Ort: Béi Chéz Heinz, Hannover

Datum: 07.11.2021

Kosten: 15 € AK

Genre: Post-Hardcore, Alternative Rock, Metalcore

Besucher: ca. 60 Besucher

Veranstalter: Spider Promotion (https://spider-promotion.de/)

Link: Facebook

Setlisten:

  1. Into The Abyss
  2. Ghosts
  3. Atlas
  4. Calm Waters
  5. On Wings Of Wax
  6. The Fire
  7. Last September
  8. Revelation
  9. Dead Amber
  10. Echoes
  11. Painter
  12. Our Hope
  13. L.I.A.R.
  14. Delirium
  15. Odyssey
  16. Dayblind
  17. Tragedy

  1. Heathrow
  2. Brake
  3. Wake Up
  4. Head Over Heels
  5. Touchdown
  6. Trip Down
  7. Full Of Hope
  8. Night On Malta
  9. Duke Of Space
  10. It’s Gonna Be Ok
  11. The Forests Aren’t Alright

Nach meinem Review zur neuen Platte von Devil May Care ist es mir ein Vergnügen, bei einem ihrer exklusiven Release-Konzerte zu Divine Tragedy dabei zu sein.
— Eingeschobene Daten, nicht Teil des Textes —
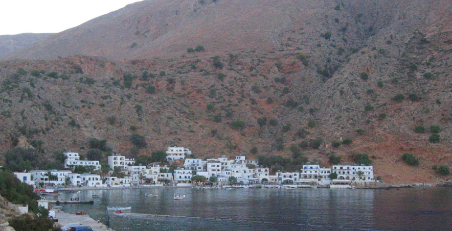 Description Loutro Date1er juin 2008SourceSelf-photographedAuthorFiLiPoOo Loutro
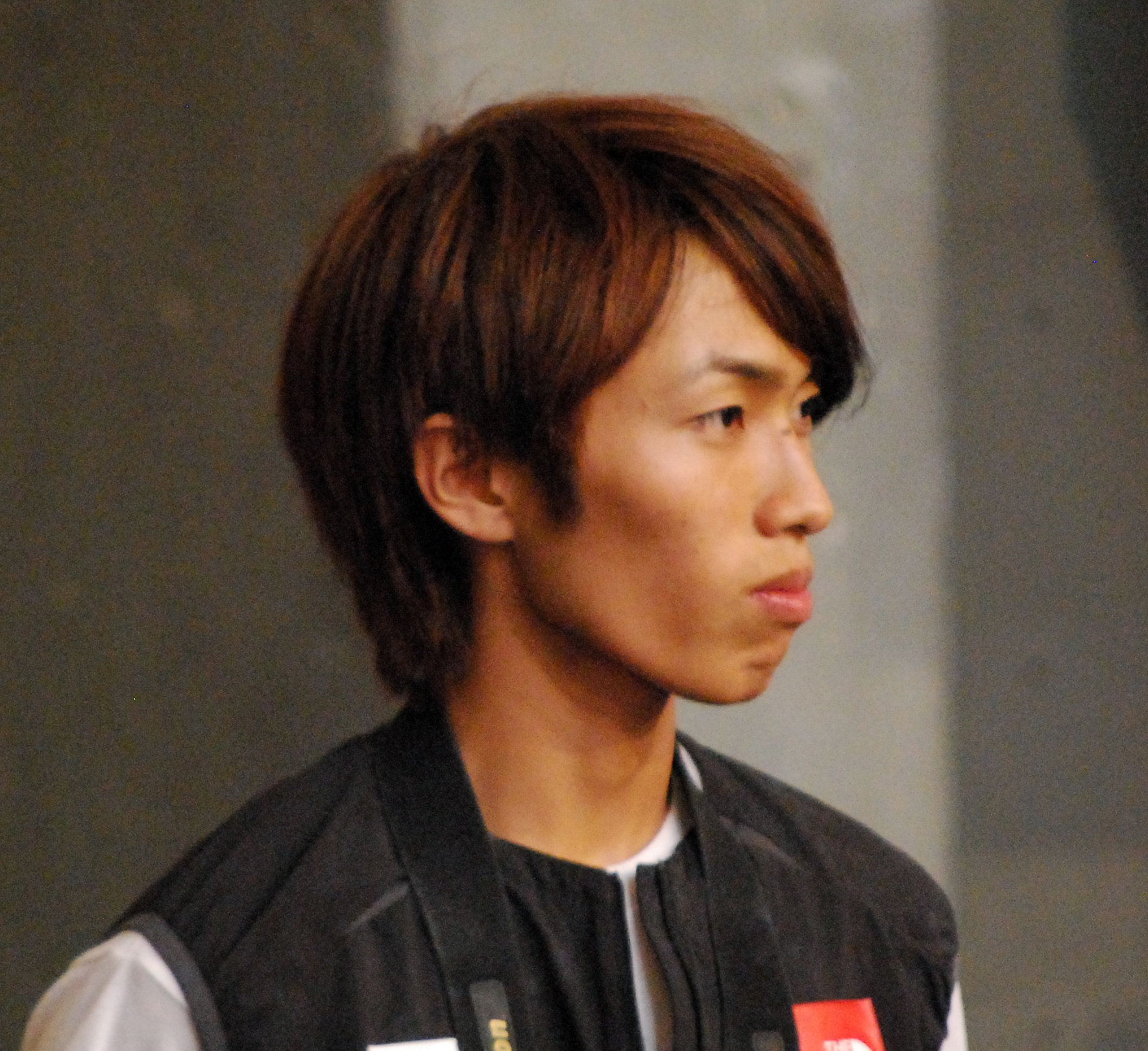 Amma Sachi, World Cup Imst (Austria) 2009
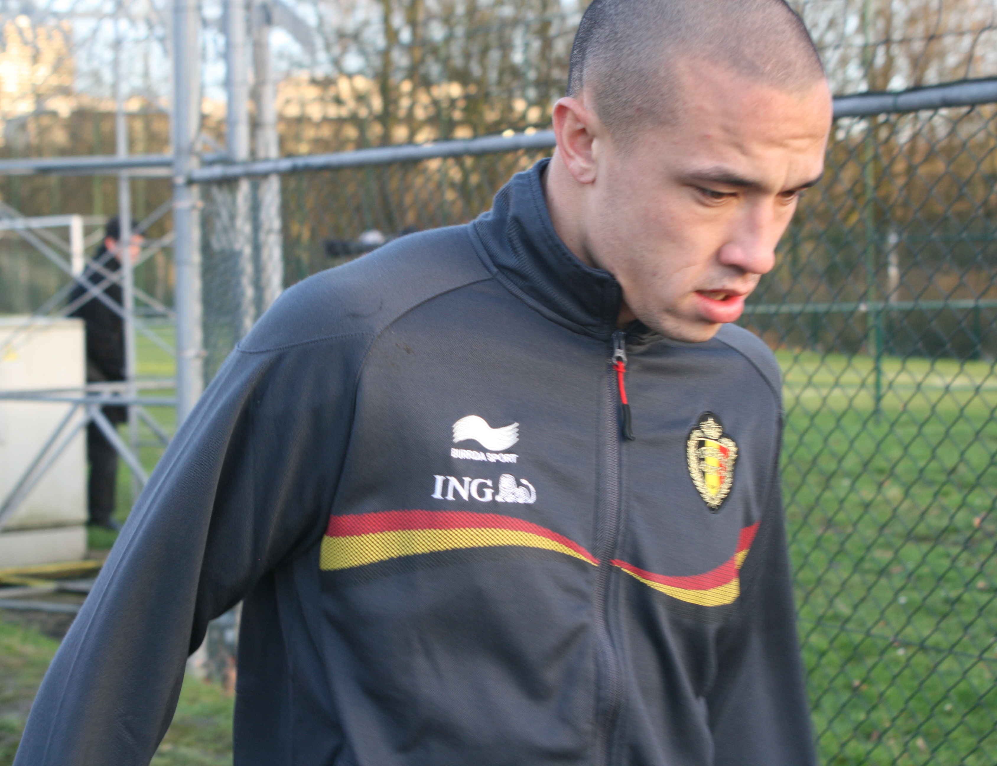 Radja Nainggolan during a training session with the belgian Red Devils
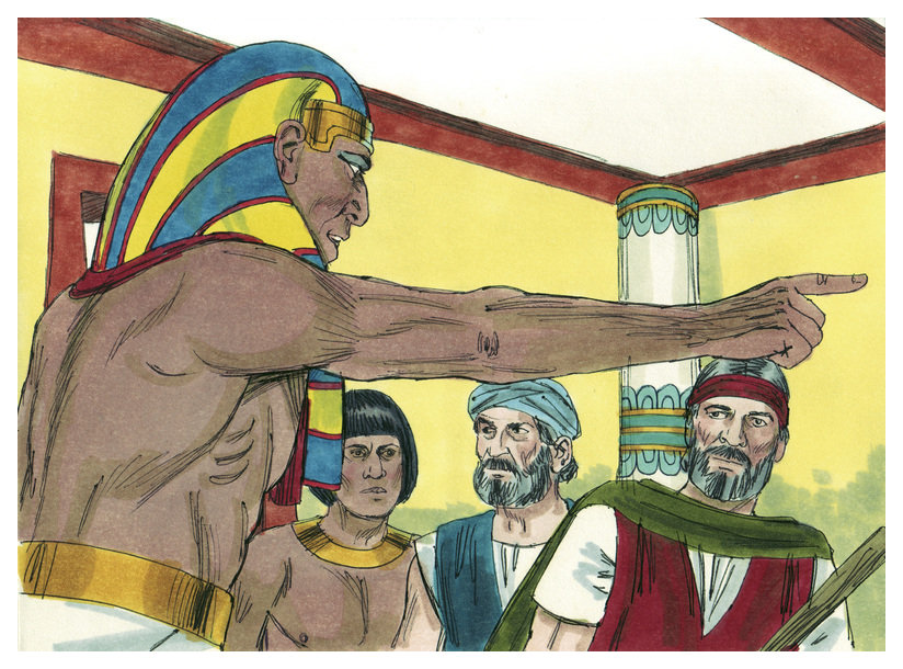 Biblical illustration of Book of Exodus Chapter 11

Die erst im Oktober angekündigte kurze Konzertreihe geht durch Köln, Hamburg, Hannover und zum Jahresabschluss in die Heimat von Devil May Care nach Würzburg. Heute sollen die Wände des altehrwürdigen Kultkellers Chéz Heinz in der niedersächsischen Landeshauptstadt zum Wackeln gebracht werden. Unterstützt werden die Würzburger durch die Lokalmatadoren von Godots. Im Heinz prangt nicht erst jetzt der Slogan #heinzmussbleiben. Dem seit über 20 Jahren bekannten Club droht die Schließung durch den geplanten Umbau des Fössebads, in dessen Hallen sich das Heinz befindet. Wie die Politik mit Kulturschaffenden vor allem seit Corona umgeht, ist ein Thema, dass die Länge dieses Konzertberichts sprengen würde.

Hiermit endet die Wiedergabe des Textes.